Chris Christie: President Trump 'not totally clear' until special counsel Robert Mueller 'hands in the keys'
ABC News contributor Chris Christie said Trump could still face Mueller.
President Donald Trump tweeted Friday that new filings in federal investigations into Russian interference and campaign finance crimes in the 2016 election "totally" cleared him. But Chris Christie said, on "This Week," that the president is "not totally clear."
"My view would be that you're not totally clear, nor is anyone, until Bob Mueller shuts down his office and hands in the keys,” the ABC News contributor, former New Jersey governor and U.S. attorney told "This Week" co-anchor Martha Raddatz.

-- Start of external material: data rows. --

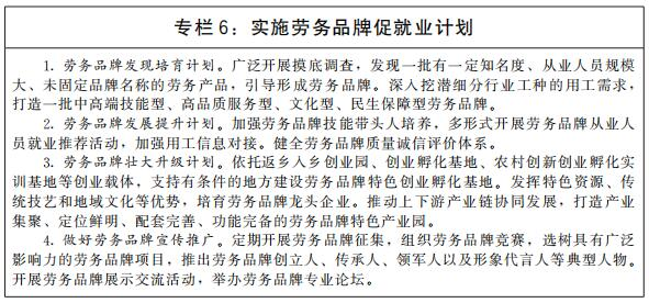 (十一)高度重视城镇青年就业。 为城镇青年创造多样化就业机会。聚焦城镇青年(主要包括未继续升学初高中毕业生、城镇失业青年、转岗青年职工等,下同),完善就业支持体系。在推动先进制造业、现代服务业和劳动密集型产业发展中,开发更多适合城镇青年的就业岗位,带动更多城镇青年到新产业新业态新商业模式领域就业创业。对接产业优化布局、区域协调发展和重点行业企业人才需求,完善人力资源需求发布、要素配置、协同发展机制,支持城镇青年到人才紧缺领域就业。 增强城镇青年职业发展能力。发挥就业创业服务机构、产业企业园区、青年之家、青年活动中心等各类平台作用,支持城镇青年参加职业指导、职业体验、创业实践、志愿服务等活动。探索组织青年职业训练营、就业训练工场。打造适合城镇青年特点的就业服务模式,畅通信息服务渠道,提高择业精准度。 强化城镇青年就业帮扶。实施青年就业启航计划,对城镇长期失业青年开展实践引导、分类指导和跟踪帮扶,促进其进入市场就业创业。将劳动精神、奋斗精神融入指导和实践,引导城镇青年自强自立。为城镇困难失业青年提供就业援助。 (十二)加强退役军人就业保障。 改革完善退役军人安置制度。科学制定安置计划,改进岗位安置办法,推进落实安置政策,压实属地安置责任,规范接收安置程序,提高安置质量。优化安置方式,探索市场化安置改革,实现多渠道、多元化安置。推广“直通车”式安置,健全“阳光安置”工作机制。鼓励到艰苦边远地区和城乡基层安置。加强各种安置方式统筹协调,强化政策制度衔接。 支持退役军人自主就业。将退役军人按规定纳入现有就业服务、教育培训等政策覆盖范围。探索推开“先入校回炉、再就业创业”的模式,鼓励符合条件的退役军人报考高职学校,落实招收、培养、管理等方面的扶持政策。适时调整退役军人就业岗位目录。协调各方资源,加强行业企业合作,拓展就业供给领域,挖掘更多适合退役军人的就业岗位,促进退役军人到民营企业就业。实施“兵支书”协同培养工程,推动退役军人在乡村就业。设立退役军人就业实名台账,强化退役军人服务中心(站)就业服务功能,及时提供针对性服务。 (十三)推进农村劳动力转移就业。 稳定和扩大农村劳动力外出就业规模。广泛开展区域间劳务协作,健全劳务输入集中区域与劳务输出省份对接协调机制,加强劳动力跨区域精准对接,发展劳务组织和经纪人,有序组织输出地农村劳动力外出务工。培育一批有地域特色、行业特征、技能特点,带动农村劳动力就业效果好的劳务品牌。实施农民工素质提升工程,推进新生代农民工职业技能提升计划。创建一批农村劳动力转移就业示范县。
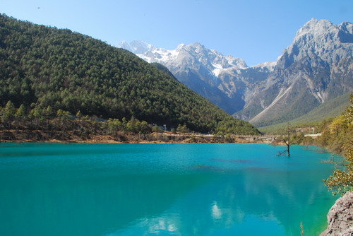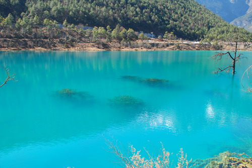 一踏上丽江的土地,迎面就被温暖的阳光笼罩,呼吸着新鲜的空气,开阔的视野被丰富的色彩填充,心情立刻就变得柔软起来。入住到早已预定好的酒店内,我们随后就来到了丽江市内的“黑龙潭”公园,公园内有近76万平方米面积的湖面,形状就像一弯新月,湖中心有木雕的亭子,庭与湖岸另一侧各有一汪珍珠泉出水口。公园内建筑风格古朴典雅,那是因为纳西人崇尚自然,所以造型尽量保持事物的原型,以求人与自然的和谐一体。值得一提的是,珍珠泉出水口处,有无数小泉眼,对着泉水大喊一声,在声波的震荡下,湖底的小气泡从小泉眼中不断涌出,造成湖面微波荡漾的奇妙景观,让人大开眼界。
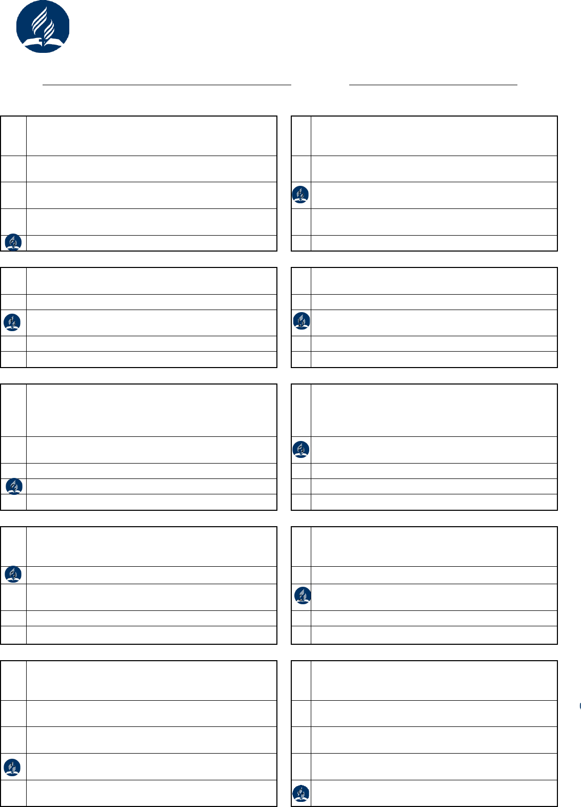 <p>QUIZ 07 – ADOLESCENTES – “QUEM ESTÁ NO CONTROLE?”</p><p>3º Tri 2024 10-17/08 – LIÇÃO 06 E OS UNGIDOS, CAP. 41</p><p>Nome: Base:</p><p>1</p><p>Qual atitude de Nabucodonosor demonstrou</p><p>que ele acreditava que seu reino era</p><p>indestrutível?</p><p>6</p><p>Como Nabucodonosor foi capaz de</p><p>identificar o quarto homem na fornalha?</p><p>a</p><p>A construção a estátua com todos os materiais</p><p>do sonho</p><p>a</p><p>Daniel havia descrito a ele</p><p>b</p><p>A ordem de que todos se curvassem para a</p><p>estátua</p><p>b Através da vida e do caráter dos jovens</p><p>hebreus (pág. 219)</p><p>c</p><p>Enviar Daniel para outro lugar par que não</p><p>atrapalhasse seus planos</p><p>c</p><p>Por causa da teimosia dos hebreus</p><p>d A construção da estátua de ouro (sábado) d Ele havia visto no sonho da estátua</p><p>2</p><p>Onde encontramos a promessa de que o</p><p>fogo não nos queimará?</p><p>7</p><p>O que foi danificado na fornalha?</p><p>a Salmo 20:7 a Nada</p><p>b Isaías 43:2</p><p>b</p><p>Apenas as cordas que os amarravam (pág.</p><p>219)</p><p>c Jó 34:24 c Suas roupas</p><p>d Apocalipse 17:14 d Seus cabelos</p><p>3</p><p>Complete: “O Senhor declarou que Se</p><p>coloca ao lado do ___________ e repreende</p><p>todos os ___________ que se rebelam contra</p><p>a autoridade do Céu.”</p><p>8</p><p>Onde os sábios sugeriram que o rei</p><p>construísse a estátua?</p><p>a</p><p>Pecador - homens</p><p>a Onde todos pudessem admirar a cabeça de</p><p>ouro (pág. 216)</p><p>b Fiel - pecadores b Em frente ao palácio</p><p>c Oprimido – poderes terrestres (quinta) c Em frente ao templo de Salomão</p><p>d Homem – poderes ocultos d Voltada para Jerusalém</p><p>4</p><p>Segundo a lição, o que os jovens hebreus</p><p>demonstraram com sua lealdade frente em</p><p>face da morte?</p><p>9</p><p>Qual era o plano de Nabucodonosor ao</p><p>construir a estátua?</p><p>a Qualidades de caráter (segunda) a Mostrar que ele era soberano</p><p>b</p><p>Medo</p><p>b</p><p>Que a interpretação de Daniel fosse rejeitada e</p><p>a verdade distorcida (pág. 217)</p><p>c Resiliência c Manchar a reputação de Daniel</p><p>d Determinação d A adoração total de toda a nação</p><p>5 Que verso exemplifica bem a resposta dos</p><p>jovens hebreus ao rei?</p><p>10</p><p>Qual a atitude do rei quando os hebreus se</p><p>recusaram terminantemente a se curvar</p><p>perante a estátua?</p><p>a</p><p>Salmo 37:5 - “Entrega teu caminho ao senhor,</p><p>confia nele e tudo ele fará”</p><p>a</p><p>Mandou levarem Daniel para longe para não</p><p>atrapalhar seus planos de glória</p><p>b</p><p>Salmo 119:105 - “Lâmpada para meus passos é</p><p>a tua palavra e luz no meu caminho”</p><p>b</p><p>Ordenou que a fornalha fosse aquecida por</p><p>sete horas antes de jogar os hebreus nela</p><p>c Romanos 14:8 – “Quer vivamos, quer</p><p>morramos, pertencemos ao Senhor” (sexta)</p><p>c</p><p>Ordenou que sete soldados armados</p><p>lançassem os hebreus na fornalha</p><p>d</p><p>Isaías 40:31 – “Mas os que esperam no Senhor</p><p>renovarão as forças...”</p><p>d Ordenou que a fornalha fosse aquecida sete</p><p>vezes mais que o normal (pág. 218)</p>
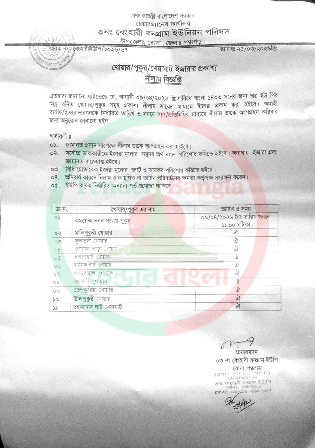Title: খোয়া/পুকুর ইজারার প্রকাশ্য নিলাম বিজ্ঞপ্তি

Special counsel Robert Mueller recently reached a plea agreement with Trump's former longtime personal attorney Michael Cohen, in which he pleaded guilty to lying to Congress in exchange for cooperation with the investigation. In addition to new filings by Mueller in the Cohen and former campaign chairman Paul Manafort cases on Friday, the Southern District of New York recommended that Cohen be sentenced to a "substantial prison term" for his campaign finance violations.
Friday's sentencing memo by the Southern District of New York for the first time publicly leveled the accusation that that Cohen acted "in coordination with and at the direction of" Trump.
The president tweeted on Friday in response to the filings that the new information "totally clears" him, though the court documents say otherwise. Federal prosecutors in New York have implicated Trump in a scheme to silence women who alleged that they had extramarital affairs with him before he became president, ABC News reported.
Christie said that while he's always thought that the "Michael Cohen situation was much more perilous for the White House than was Bob Mueller," that the Mueller investigation remains a threat to Trump.
He added that "There's no way you can make this shorter but there’s lots of ways you can make it longer, and one of the ways to do that is to say you’re in the clear when the prosecutor still has subpoena authority…".
Christie -- who ran for president unsuccessfully in 2016, endorsed Trump and later briefly served as the head of the Trump transition team -- said that the new filing sounds "very definitive," and that the U.S. attorney investigating Cohen’s campaign finance crimes must have solid corroboration, given Cohen's lack of credibility.
Cohen will be sentenced in New York this week for the campaign finance felonies. Mueller's office recommended that Cohen be able to serve his sentence for lying to Congress concurrently with the campaign finance sentence.